Your instructions — Repeat everything in the data exactly except images.

Collected data —

= = = = =

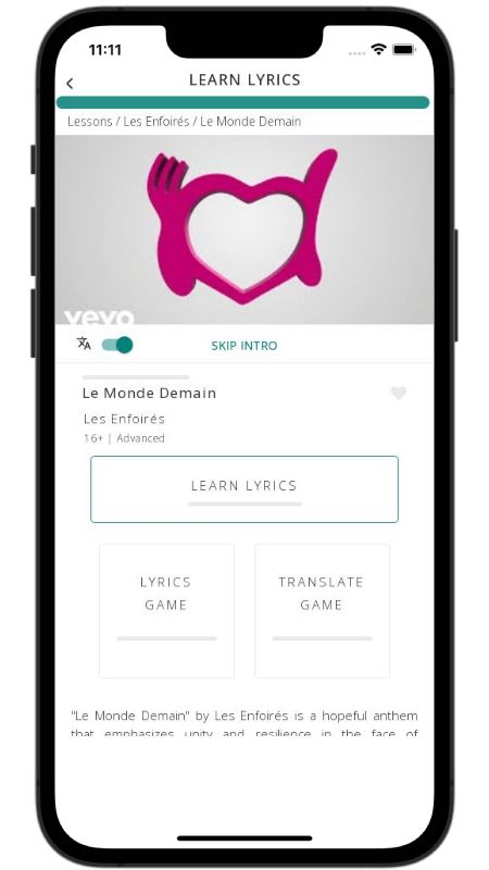 In addition to reading lyric translations, you can now learn French with music and lyrics from your favorite artists.
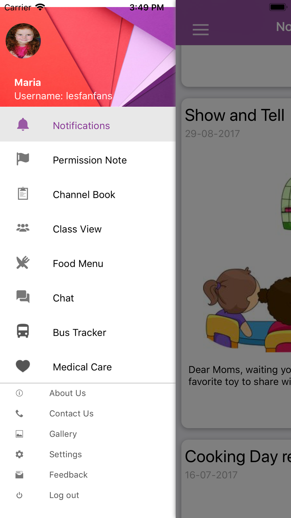 - Notify parents with the latest news, monthly newsletter, child's photos/videos, and nursery rhymes. They can share them too
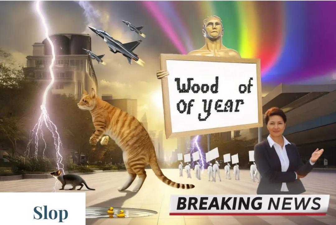 另外一個後果,就是垃圾的批量化生產。韋氏詞典和《經濟學人》選出的2025年度關鍵詞是“slop”。“slop”並非新造詞,其歷史可追溯至15世紀,原意爲稀爛食物或泔水。而今,它成了AI生成內容的代名詞:海量、平庸、毫無個性,正在堵塞互聯網。

= = = = =

Response for this exercise —
 In addition to reading lyric translations, you can now learn French with music and lyrics from your favorite artists.
 - Notify parents with the latest news, monthly newsletter, child's photos/videos, and nursery rhymes. They can share them too
 另外一個後果,就是垃圾的批量化生產。韋氏詞典和《經濟學人》選出的2025年度關鍵詞是“slop”。“slop”並非新造詞,其歷史可追溯至15世紀,原意爲稀爛食物或泔水。而今,它成了AI生成內容的代名詞:海量、平庸、毫無個性,正在堵塞互聯網。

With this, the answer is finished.